В первой части речения мы имеем дело с игрой слов, которую едва ли можно повторить, поскольку в ней дважды, но в совершенно противоположных смыслах, употребляется одно и то же слово: διηνεκώς—διαφέρω. В первом случае διάозначает «через», «вдоль», «в течение какого-то времени» — «проносить», выносить», во втором случае διά означает «врозь»: διαφέρειν, разнесение — внесение раздора, хотя при этом речь никогда не идет о разделении.
Занятый своими расчетами и процедурами, человек видит ближайшее и «близость» в чем-то более отдаленном, к чему он и устремляется своей волей. Совершая свои «ходы», человек вы-ходит за пределы по-настоящему близкого. Потому какими бы путями он не ходил в своем хождении, этому хождению не удается выйти в свободу и простор, а также добраться до тех исходов, на которых оно остается потаенно сосредоточенным: вместо этого оно наталкивается на теснины и нужды, порожденные теми преградами, которые создает сам человек. Поэтому в то восходящее, в то изначальное прояснение, отличающее человеческое существо, вместо тихого света врывается жгучее и опаляющее пламя, то жгуче-страстное, что своим жаром заставляет своевольно и эгоистично вымерять пути, но что всегда остается лишь дерзким приступанием меры, остается дерзостью, ύβρις. О ней Гераклит так говорит в 43 фрагменте:
υβριν χρή σβεννύναι μάλλον ή πυρκαϊήν.
«Дерзость надо гасить пуще пожара».
Все опустошающие пожары — лишь следствие той пылающей дерзости. Тушением пожара эта наглая дерзость еще не уничтожается, более того — она даже никак не затрагивается и не учитывается. Она угасает только благодаря чуткому вслушиванию в Λόγος. Когда это вслушивание происходит, тогда становится явным настоящее знание, τό σοφόν, а вместе с ним — знаемое и узнанное в нем. Правда, многоопытному и изощренному в своих помыслах человеку трудно — и это для него даже самое трудное — как следует постичь всю неповторимость настоящего знания и то, что ему должно знать. На эту тему многое говорится и решается. Гераклит отмечает по этому поводу следующее (фрагмент 108):
όκόσων λόγους ήκουσα, ούδείς άφικνεΐται ές τοϋτο, ώστε γινώσκειν ότι σοφόν έστι πάντων κεχωρισμένον.

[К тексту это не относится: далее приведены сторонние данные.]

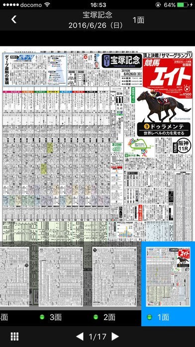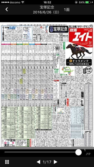 当アプリでは競馬エイトをそのまま再現していますが、電子版の性質上新聞のようにかさばらずサイズも小さく、紙の競馬エイトでは見づらい古い号などを見返しやすい点もメリットです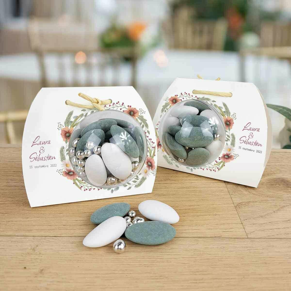 Boite à dragées boule ''Couronne de fleurs'' personnalisée

«Каких только высказываний я [уже] не слышал, но никому не удается познать, что настоящее знание, а также то, что должно быть узнано в нем, есть нечто от всего обособленное».

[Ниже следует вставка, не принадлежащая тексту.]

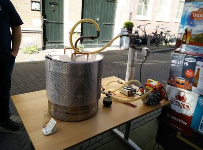 Mijn eerst brouwdag bij brouwvereniging 't Wort Wat! Lekker vroeg aanwezig op het Turfspoor. Het hele zooitje uit de auto gesjouwd, aangesloten, water in de verwarmingsketel en water in de maischpan. 30 liter wordt er vandaag gebrouwen. Loopt gesmeerd. Met de aanwezige schrootmolens ging alles lekker snel de pan in, althans… Het beslag was wel een beetje aan de dikke kant. En het geschrote mout ging maar net in de pan. Jongens, wat een dikke zooi. Temperatuur was niet te hoog. Nee, het was zelfs meer dan 5 °C te koud. Pomp stond aan, maar geen circulatie. Nee!! Filter verstopt. Onder in de maischpan zit een filter voor de pomp. Waarschijnlijk te hard gepompt. Na een half uur had ik weer een beetje beweging in de circulatie. Op naar de volgende maischstap. Nou ja, volgende maischstap… Nee, nog niet. Weer een verstopping. Weer een ruim half uur op mijn knieën zuigend aan een siliconen slang. Inmiddels zat er de kook bij de meesten al in. Dus al zuigend op mijn knieën werd ik inmiddels al door een paar man (met een lekker biertje in de hand) bekeken met de vraag wat ik in vredesnaam aan het doen was. Knoeien dus. Zweet op m'n kop, natte knieën en inmiddels een halfvolle maisch pan. Uiteindelijk de laatste maischstap overgeslagen en alles overgepompt naar de kookpan. Ja, dat ging goed. Kook zat er snel in. Hop erbij en nu kon bij mij ook de dop van de fles. Lekker biertje erbij en kijken hoe iedereen intussen aan het opruimen was.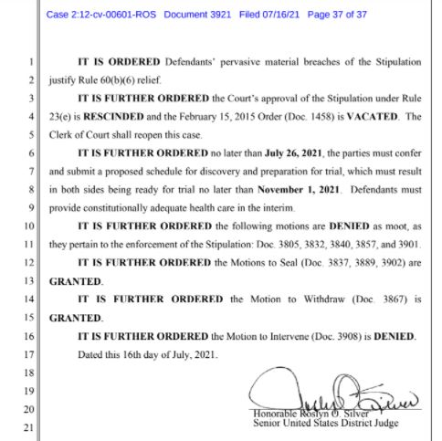 BREAKING: Citing "pervasive material breaches" of Arizona's prison health care class action settlement by the state, Judge Roslyn Silver has ordered the Department of Corrections and prisoner attorneys to prepare for a trial to be held no later than November 1st, 2021

Но мы слышали, что то, что должно-быть-знаемым, есть то, что говорит Λόγος.Оно обособлено в своем единственном месте. Оно не отделено, напротив, оно есть близкое во всем самом близком, но, будучи таковым, оно в своей единственности совершенно незаменимо ничем другим, ни с чем не сравнимо, не поддается высчитыванию ни через какое посредничество, его нельзя выманить никакими окольными компромиссами и оговорками. Это должное-быть-знаемым, единственное в своем роде, только тогда становится доступным в своей обособленности, когда душа следует не собственным торным путям, а своему отсылающему вдаль «логосу». λόγος души, в котором только и удается совершиться тому, что есть όμολογεΐν,— это разверзающее, отосланное в свободное (ins Freie) вбирание, — настоящее собирание, которое, чем чище оно остается у себя самого, тем более средоточащим и умножающимся становится. Поэтому Гераклит говорит так (фрагмент 115):
ψυχής έστι λόγος έαυτόν αύξων.
«Душе присуще собирание, которое обогащает самое себя».

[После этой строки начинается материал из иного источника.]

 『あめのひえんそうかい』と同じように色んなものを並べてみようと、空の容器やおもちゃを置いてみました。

Однако здесь как будто говорится о том, что душа все-таки утверждается на самой себе, что она идет своими путями и должна идти ими, чтобы обогатиться. Но вспомним, что в данном случае речь идет о ее «логосе», о «логосе» души и, значит, о том «логосе», который отсылает в простор, т. е. разверзает душу в сторону изначального «Логоса». Именно этот малый λόγος, а не своевольная и себялюбивая душа, именно λόγος как λόγος становится богаче благодаря своему λέγειν, поскольку это последнее есть όμολογεΐν. Поскольку λέγειν чутко средоточит себя на «Логосе», отдается ему и только ему внимает, оно, это λέγειν, обогащается. Душа должна отказаться от торных путей, должна оскудеть в своей обращенности к одной-единственной малости настоящего чуткого вслушивания, и тогда — и только тогда — совершится обогащение ее «логоса». Обогащение самосредоточения на изначальном «Логосе» состоит в том, что, чутко вслушиваясь в него, это самосредоточение всегда позволяет «Логосу» опередить себя — опередить его, «Логоса», встречным разверзанием и тем самым привести себя к тому, чтобы, все проще и обновленнее разверзаясь в его опережающее разверзание, соединиться, сладиться с этим последним в неповторимом ладе.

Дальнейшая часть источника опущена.